This is the evidence lower bound (ELBO) for the model. To further improve the loss function, \(\text{ELBO} \approx \mathbb{E}_{q(\bm{x}_{1:T}|\bm{x}_{0})} \left[ \sum_{t>1}D_{\text{KL}}(q(\bm{x}_{t-1}|\bm{x}_{t},\bm{x}_0)||p_\theta(\bm{x}_{t-1}|\bm{x}_{t})) \right],\) where the $q$ term is the true posterior if we have the ground truth data $\bm{x_0}$. It can be proven that the true posterior is Gaussian, which means we can use Gaussian as the estimated distribution $p_\theta$ (reverse of a Gaussian Markov chain is also Gaussian). The neural network should learn to predict the mean and variance of this Gaussian distribution. To further simplify the training, we only learn the mean, i.e., $p_\theta(\bm{x_{t-1}}|\bm{x_{t}})=\mathcal{N}(\mu_\theta,\sigma_t)$, which gives the final loss function, \(\mathcal{L}(\theta) = \mathbb{E}_{q(\bm{x}_{1:T}|\bm{x}_{0})} \left[ \sum_{t>1} \frac{1}{2\sigma_t^2} \| \tilde{\bm{\mu}}_{t} - \mu_\theta(\bm{x}_t, t) \|^2 \right],\) where $\tilde{\bm{\mu}}$ is the ground truth mean from the true posterior. The close form for the true mean is ($\alpha=1-\beta$) \(\tilde{\bm{\mu_{t}}} = \frac{\sqrt{\bar{\alpha}_{t-1}}\beta_t}{1-\bar{\alpha}_{t}} \bm{x}_0 + \frac{\sqrt{\alpha_t}(1-\bar{\alpha}_{t-1})}{1-\bar{\alpha}_{t}} \bm{x}_t.\) With the reparameterization trick, \(\bm{x}_t = \sqrt{\alpha_t}\bm{x}_0 + \sqrt{1-\alpha_t} \bm{\epsilon}, \quad \bm{\epsilon} \sim \mathcal{N}(0, \bm{I}),\) we get \(\tilde{\bm{\mu}}_{t} = \frac{1}{\sqrt{\alpha_t}} \left( \bm{x}_t - \frac{\beta_t}{\sqrt{1-\bar{\alpha}_t}} \bm{\epsilon} \right).\) Similarly, we can write $\mu_\theta$ the same way, which gives \(\mathcal{L}(\theta) = \mathbb{E}_{q(\bm{x}_{1:T}|\bm{x}_{0})} \left[ \sum_{t>1} \frac{\beta_t^2}{2\sigma_t^2\alpha_t(1-\bar{\alpha}_t)} \| \bm{\epsilon} - \bm{\epsilon}_\theta(\bm{x}_t, t) \|^2 \right]\)

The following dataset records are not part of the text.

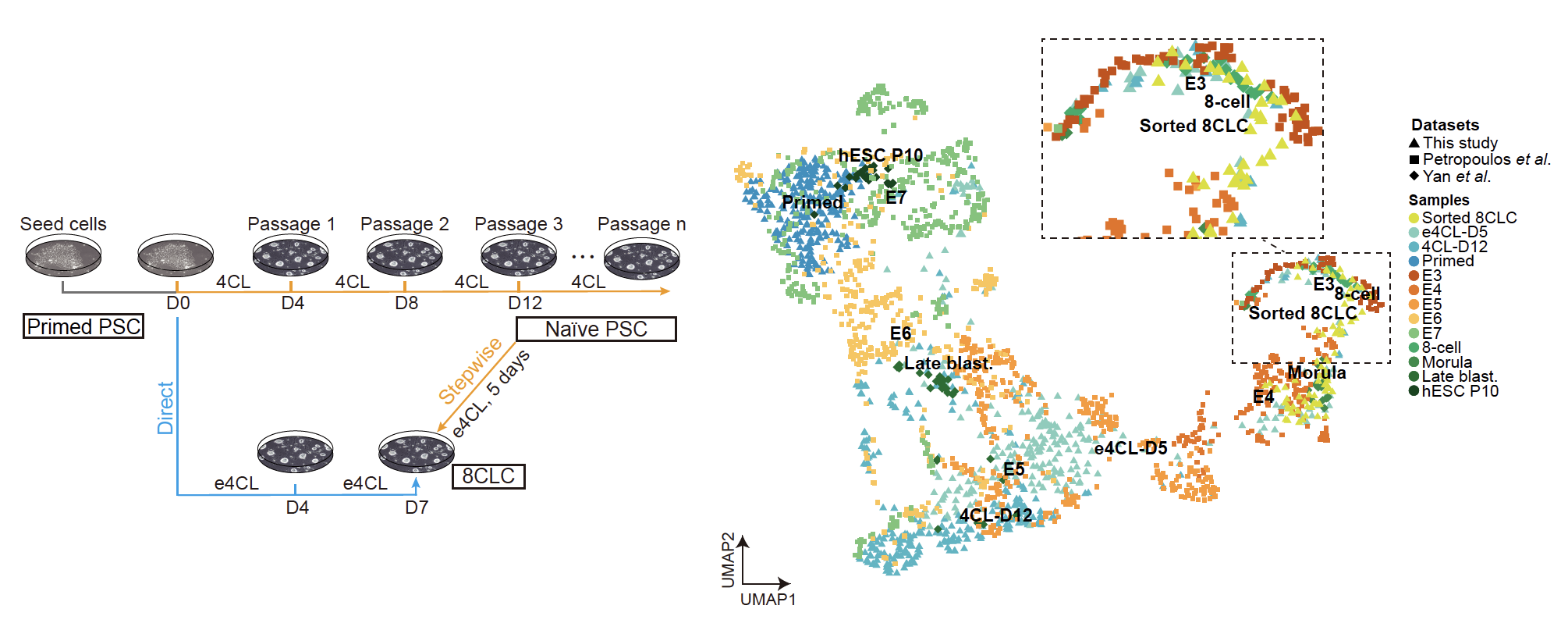 3月22日,中國科學(xué)院廣州生物醫(yī)藥與健康研究院Miguel A. Esteban研究組開發(fā)了一種非轉(zhuǎn)基因、快速且可控的重編程方法,將人多能干細(xì)胞(PSC)誘導(dǎo)為全能性的8細(xì)胞期胚胎樣細(xì)胞(8CLC),相關(guān)進(jìn)展以Rolling back of human pluripotent stem cells to an 8-cell embryo-like stage”題發(fā)表在Nature雜志上。研究人員運(yùn)用單細(xì)胞測(cè)序技術(shù),分析確定了8CLC與人8細(xì)胞期胚胎的高度相似性,描繪了轉(zhuǎn)化過程的關(guān)鍵分子事件和基因調(diào)控網(wǎng)絡(luò),并進(jìn)一步評(píng)估了8CLC的分化能力。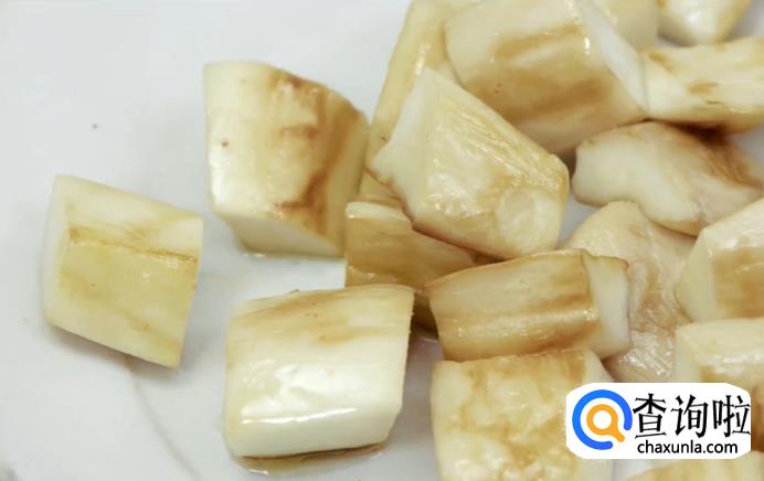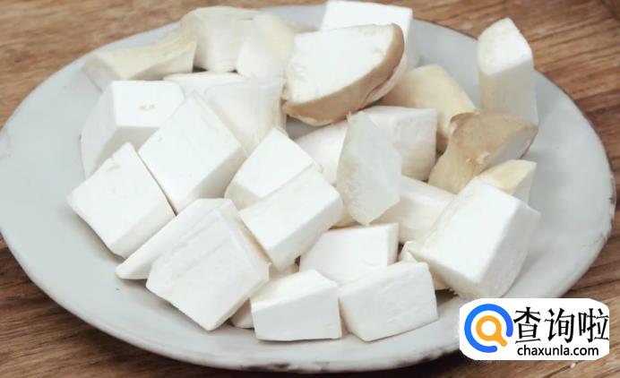 接着,将杏鲍菇切块,大小跟元贝差不多即可,切好后放在盘中备用。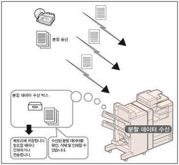분할된 데이터의 상태를 확인하고 분할 데이터 수신 박스의 잔여 용량을 확인합니다.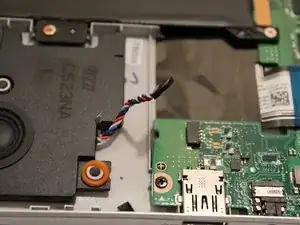 Используйте лопатку, чтобы поддеть черный провод от аудиовыхода, отодвигая провод в сторону левого динамика.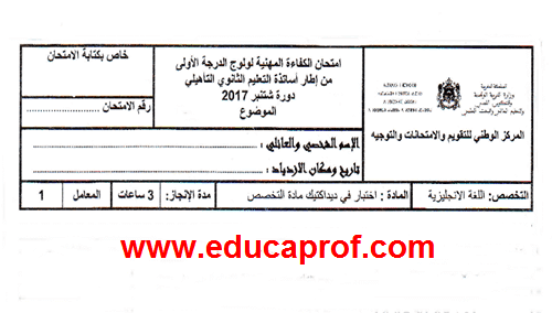 امتحان الكفاءة المهنية لشعبة اللغة الانجليزية لدورة 2017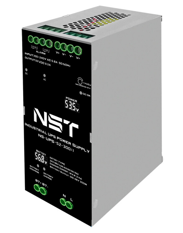 Промышленный блок питания с функцией ИБП на 300W. Входное напряжение: AC100-265V. Выходное напряжение: DC 52V. Регулировка выходного напряжения: DC50-57V. Максимальная выходная мощность в режиме заряда батарей - 300W. Выходное напряжение в режиме ИБП: 48V. Поддерживаемые батареи: Свинцово-кислотные батарейные сборки 48V. Максимальная емкость - 100Ah. Автоматическое управление зарядом батарей. Максимальный ток заряда - 4A. Защита от перегрузки, перенапряжения, короткого замыкания, перегрева. Тревожный выход состояния батареи и входного напряжения. Отображение напряжения, тока, мощности в реальном времени. Монтаж на DIN-рейку. Размеры (ШхВхГ): 73x152x114мм Рабочая температура: -40...+80°C.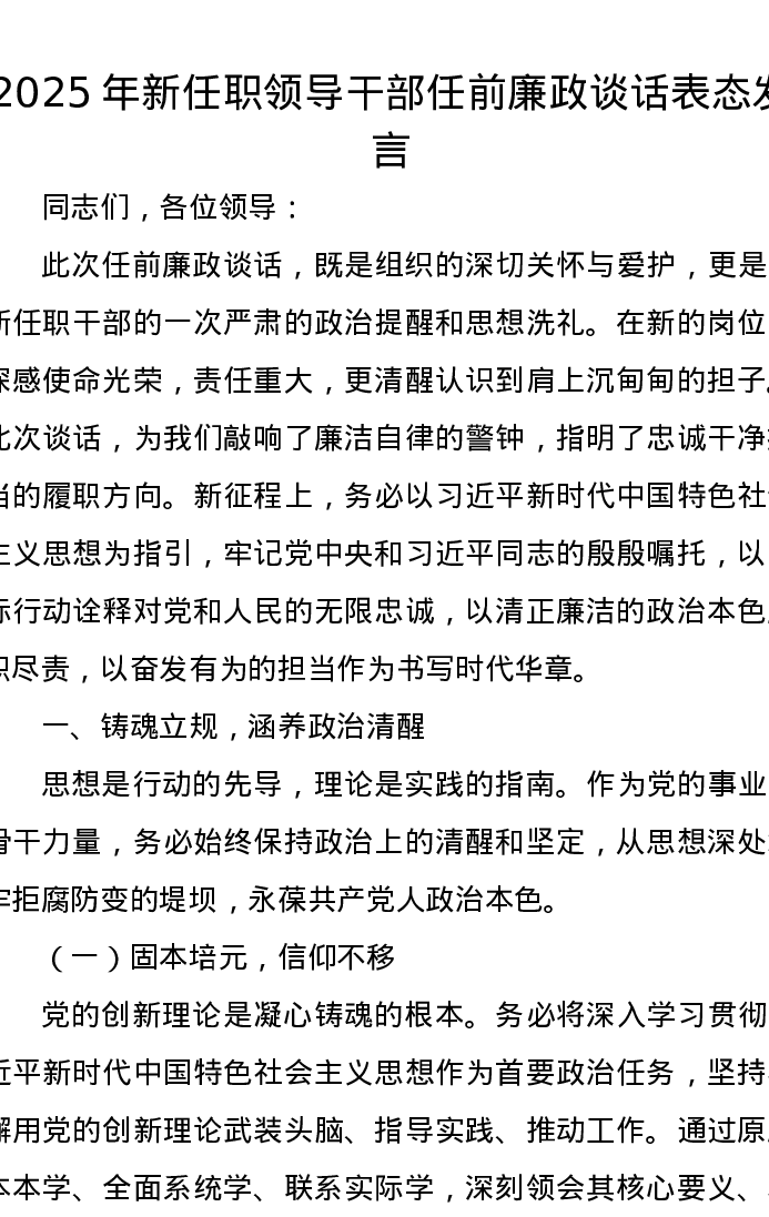 2025年新任职领导干部任前廉政谈话表态发言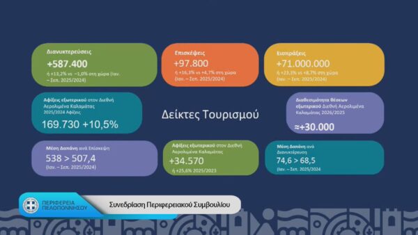 Θετικά αποτιμάται και η πορεία του τουρισμού στην Πελοπόννησο, με αυξημένους ρυθμούς σε σχέση με τον εθνικό μέσο όρο, τόσο στις διανυκτερεύσεις όσο και στα έσοδα, ενώ το αεροδρόμιο της Καλαμάτας καταγράφει διαδοχικά ρεκόρ αφίξεων.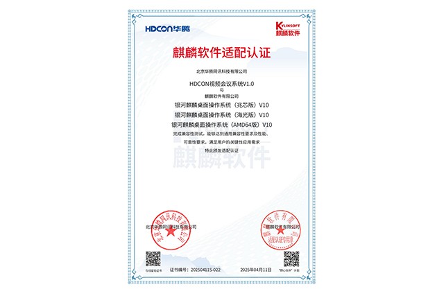 在國家新一代自主安全計算系統集群及長沙國家網絡安全產業園區的戰略引領下,北京華騰網訊科技有限公司迎來重要里程碑——華騰HDCON視頻會議系統、多點控制單元系統順利通過信創產業協同適配中心嚴格認證,與銀河麒麟操作系統(兆芯/海光版)V10完成全棧適配,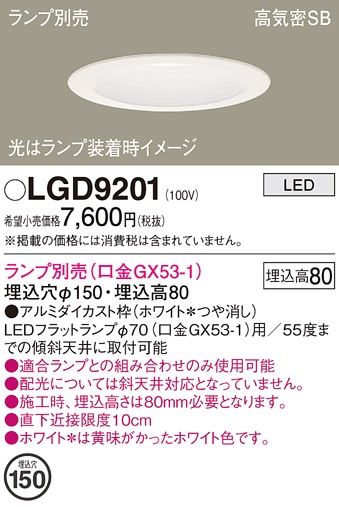 ○[法人限定][即納在庫有り] LGD9201 パナソニック ※ランプ別売 天井埋込型 LED ダウンライト 浅型8H 埋込穴φ155 [ LGD9201 ]
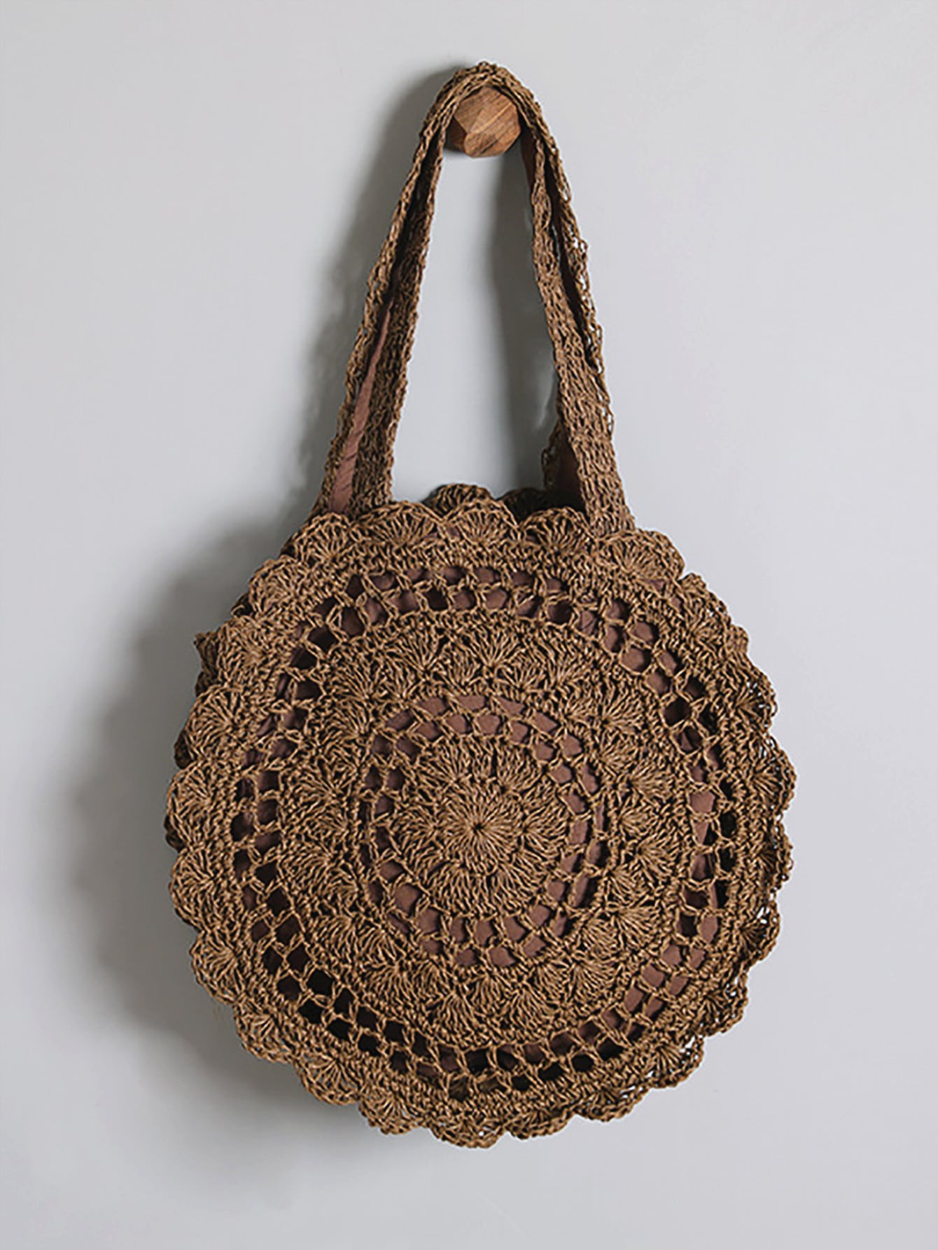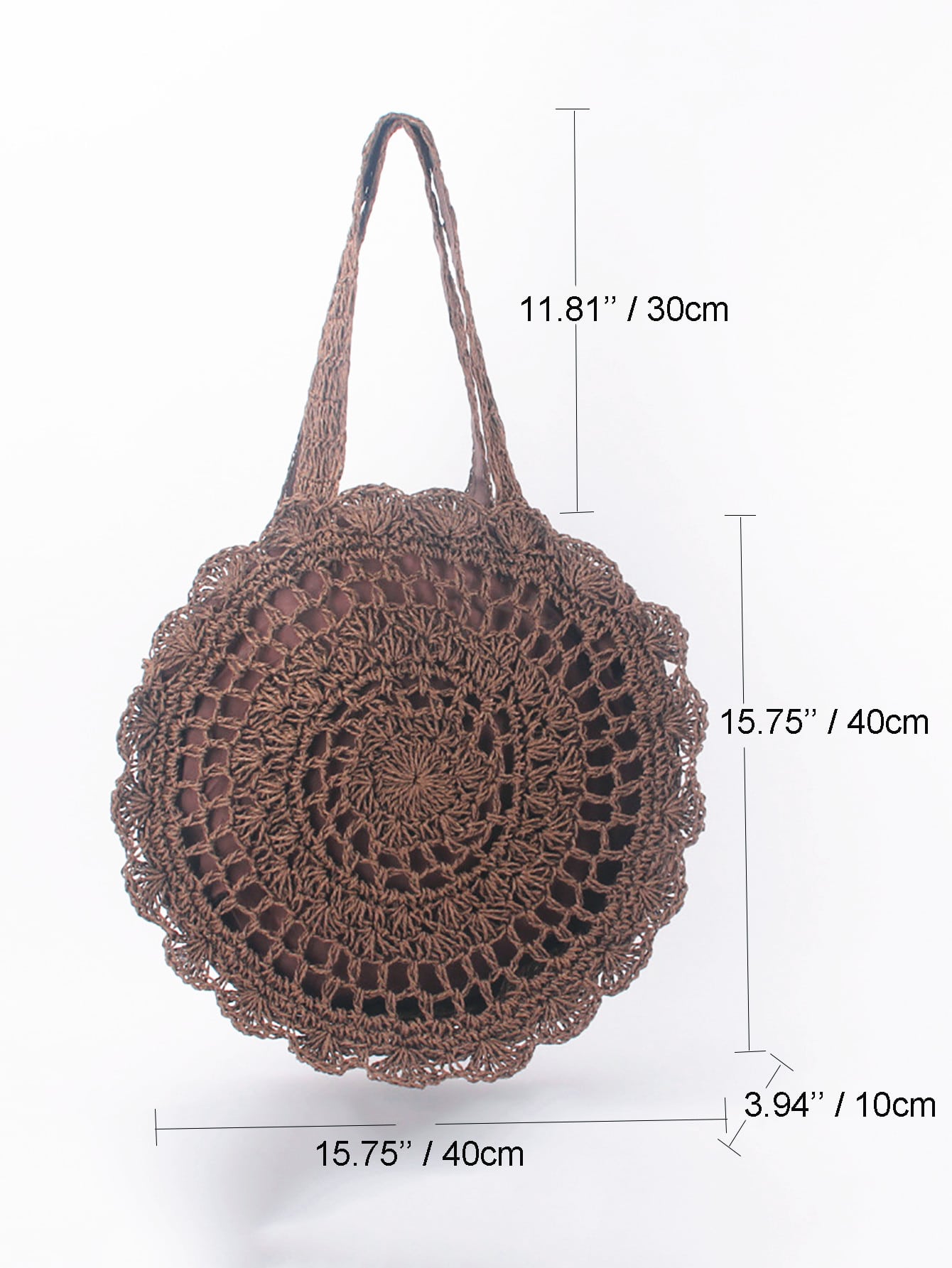 Bag. Made with high quality straw material and featuring a unique scallop trim, this bag effortlessly combines fashion and function. Perfect for carrying your beach essentials with a touch of elegance."
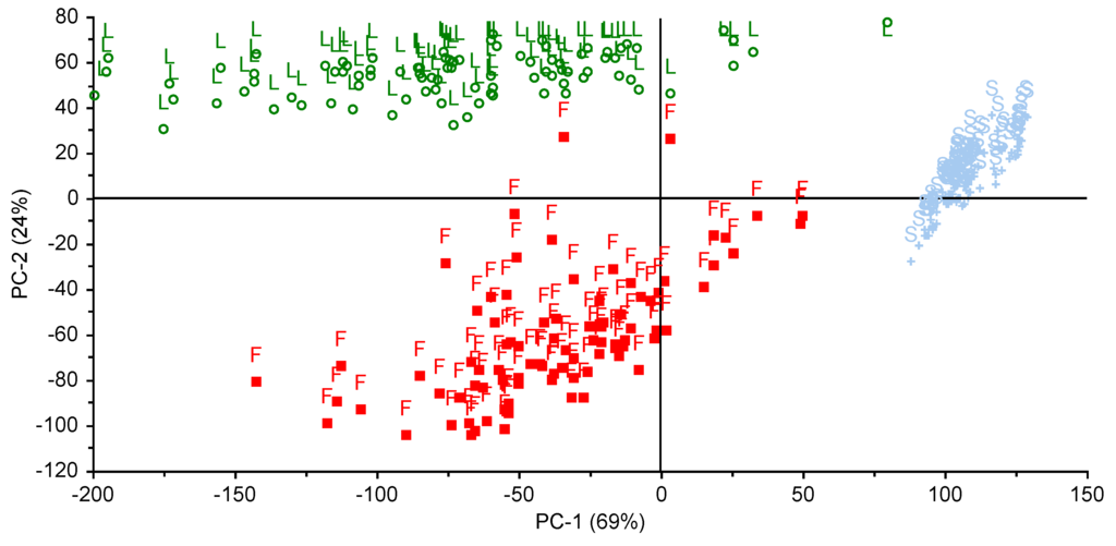 Principal component analysis scores plot of showing PC1 (principal component 1) vs. PC2 using spectra from 368 to 1048 nm. ▪ and F, fecal matter on leaf; + and S, soil on leaf; o and L, uncontaminated leaf.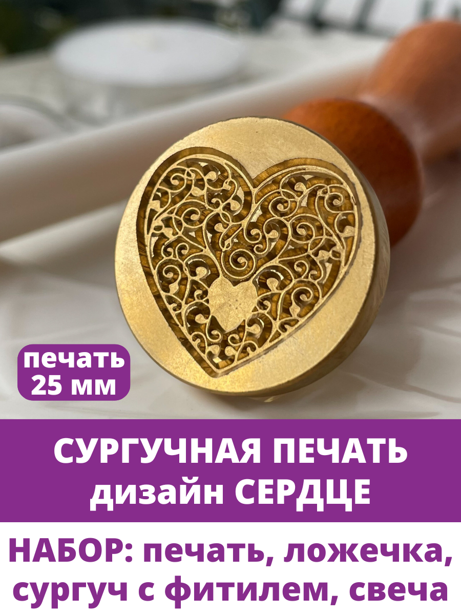 Отзывы на Сургучная печать для декорирования, набор: печать, ложечка, сургуч, свеча. Дизайн Сердце.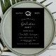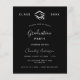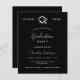 Um convite moderno e elegante para a festa de formatura. Um fundo preto, texto branco. Personalize e adicione um nome, ano e detalhes.

Example code for training:

import torch
import deepinv
from torchvision import datasets, transforms

transform = transforms.Compose([
    transforms.Resize((32, 32)),
    transforms.ToTensor(),
    transforms.Normalize((0.0,), (1.0,))
])
train_loader = torch.utils.data.DataLoader(
    datasets.MNIST('./data', train=True, download=True, transform=transform),
    batch_size=64, shuffle=True
)

model = deepinv.models.DiffUNet(
    in_channels=1, out_channels=1, pretrained=None
)
optimizer = torch.optim.Adam(model.parameters(), lr=1e-4)
mse = deepinv.losses.MSE()

beta_start = 1e-4
beta_end = 0.02
beta_steps = 1000
betas = torch.linspace(beta_start, beta_end, beta_steps)
alphas = 1 - betas
alphas_cumprod = torch.cumprod(alphas, dim=0)
sqrt_alphas_cumprod = torch.sqrt(alphas_cumprod)
sqrt_one_minus_alphas_cumprod = torch.sqrt(1 - alphas_cumprod)

for epoch in range(100):
    model.train()
    for data, _ in train_loader:
        imgs = data
        noise = torch.randn_like(imgs)
        t = torch.randint(0, beta_steps, (imgs.size(0),), device=imgs.device)

        imgs_noisy = sqrt_alphas_cumprod[t, None, None, None] * imgs + sqrt_one_minus_alphas_cumprod[t, None, None, None] * noise

        optimizer.zero_grad()
        loss = mse(model(imgs_noisy, t, type_t='timestep'), noise)
        loss.backward()
        optimizer.step()

torch.save(model.state_dict(), 'model.pth')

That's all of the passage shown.